Scope of the ordinance making the power of the president
The lawyer as well as the laymen is offer puzzled by the pharase’’ordinance making power’’ as implement to the American executive. Some of our legal text writers, none of our courts, speak of the ordinances of any administrative organs except municipals corporation.There are indeed writers who recognize that our executive do in face have power of a legislative character, but although they are not agreed on a term of such power. On the other hand professor Fairlie has recently spoken it has an administrative legislation. The term is used in England in the fourteenth century to disgraced an enactment of the king or the king in council without the acquiesce of parliament. Basically the power of the ordinance, which become more limited than the power of legislation, died out, says Anson in the fifteenth century to be the received in the next as the power of the proclamations’ might be implement to warn the issue of what the law was, but not the create a new offense.  They continued to be so used, however, until the abolition of the extraordinary court of the Star Chamber in 1641. Actually both England and America proclamation is a form of executive promulgation in the contents. A plain reading of Article 74 of the Constitution would communicate in unmistakable stipulations that, for the exercise of power by the President, there must be a Council of Ministers with the Prime Minister as the Head, to aid, help out and advise the President.
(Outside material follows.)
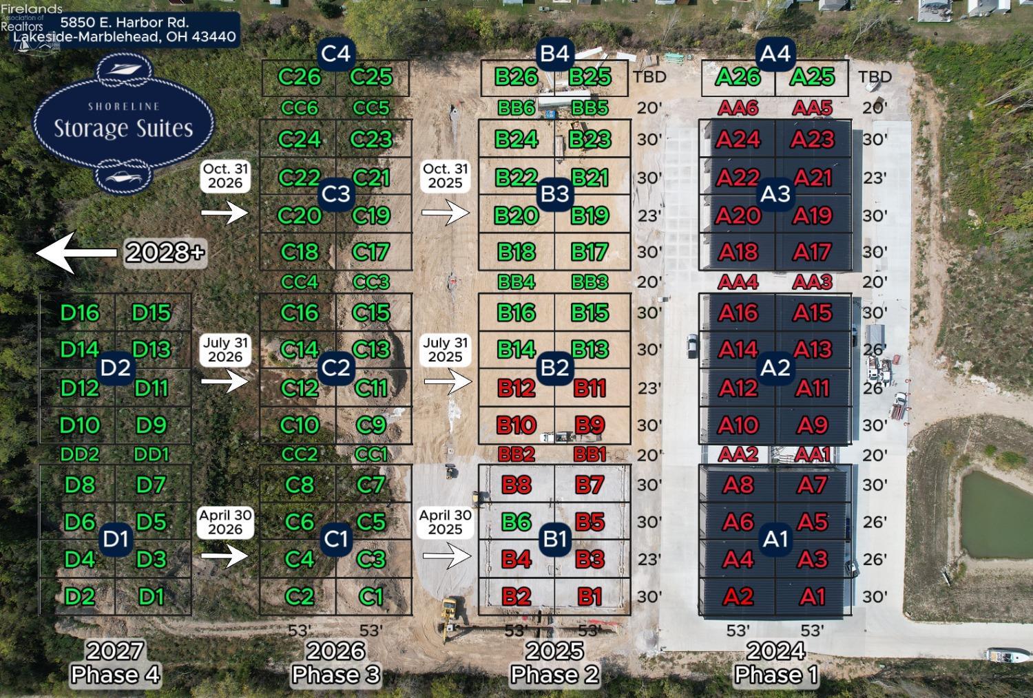 The best price per sq ft for any new construction in the area! Welcome to Shoreline Storage Suites, Ottawa County's newest gated luxury storage campus. Located on Vacationland's main corridor, this new and growing storage community is accessible from the traffic light at SR-163 and SR-269N for easy entry/exit and is central to many boat ramps and campgrounds. New cafe and yoga studio out front and the new Beach Glass Lounge is directly next door! Unit includes: 18' remote-controlled overhead door, 20+' ceilings, man door, ceiling fan, floor drain, R19 roof insulation, R13 wall insulation, interior metal walls, LED lighting, 100AMP service, wall outlets, gas heat, plumbing rough-ins, and prewired Spectrum wifi/cable. Fenced-in 20' x 53' outside spaces and optional lofts, bathrooms and other upgrades also available. Residential purposes prohibited. See map in photos showing available units.B16 (Dimensions: 30' x 53').

 See, Bakshi, P.M., ‘The Constitution of India’, Universal Law Publishing Co. Pvt. Ltd., 2005.
 explain about The President is also vested with certain executive powers and the capacity of such executive power embraces the remainder of powers after the legislative or judicial powers are exhausted or taken away.
There are three distinct activities in every government through which the will of the people are expressed. These are the legislative, executive and judicial functions of the government. Corresponding to these three activities are three organs of the government, namely the legislature, the executive and the judiciary breach of law. Each organ while amateur dramatics its activities tend to interfere in the sphere of working of another functionary because a strict demarcation of functions is not possible in their dealings with the general public. Thus, even when acting in ambit of their own power, overlapping functions tend to appear amongst these organs. The question which assumes significance over here is that what should be the relation among these three organs of the state. Whether there should be complete separation of powers or there should be co-ordination among them. An analysis into these three organs and the relations between them is to be done with the experience in different.
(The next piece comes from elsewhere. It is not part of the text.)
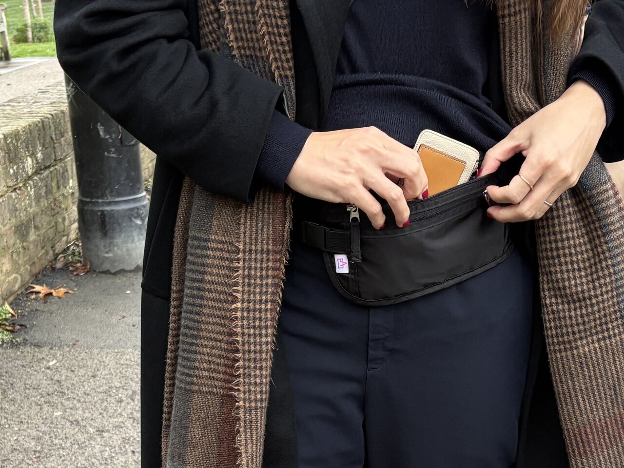 服の下に着けて歩いてみると、スリに盗られる不安が大きく減りました。バッグだと人混みで無意識にファスナーの位置を気にしていましたが、セキュリティポーチは服の内側に固定できるため、外側から触られる心配がほとんどありません。写真を撮るときや立ち止まった瞬間も、後ろから狙われる不安が薄れ、気持ちに余裕が生まれました。

Power of President to promulgate Ordinances during recess of Parliament. – (1) If at any time, except when both Houses President of Parliament are in session, the
President is satisfied that circumstances exist which Ordinances render it necessary for him to take immediate; he may promulgate such ordinances as the circumstances appear to require.
(2) An Ordinance promulgated under this Article shall have the same force and effect as an Act of Parliament, but every such Ordinance –
(a) Shall be laid before both Houses of Parliament and shall cease to operate at the
 The legislative organ of the state makes laws, the executive enforces them and the judiciary applies them to the specific cases arising out of the
 Massey, I.P., ‘Administrative Law’, Eastern book Company, Lucknow, Sixth Edition, 2005
 There are ultra-liberal views on various constitutional provisions whichsay that the President if acts in disregard to the aid, aid-stance and
advice of the Council of Ministers, he could become an autocrat. D.N.Banerjee, an eminent jurist opined negatively and said that the Presidentis not only a dignified part of Government but also a cardinal componentof the essential apparatus and great pivot of substantial utility which attract motive power to be effectively employed in times of necessity.
Expiration of six weeks from the reassembly of Parliament, if before the expiration of that period resolutions disapproving it are passed by both Houses, upon the passing of the second of those resolutions; and (b) May be withdrawn at any time by the President.Explanation-Where the Houses of Parliament are summoned to reassemble on different dates, the period of six weeks shall be reckoned from the later of those dates for the purposes of this clause.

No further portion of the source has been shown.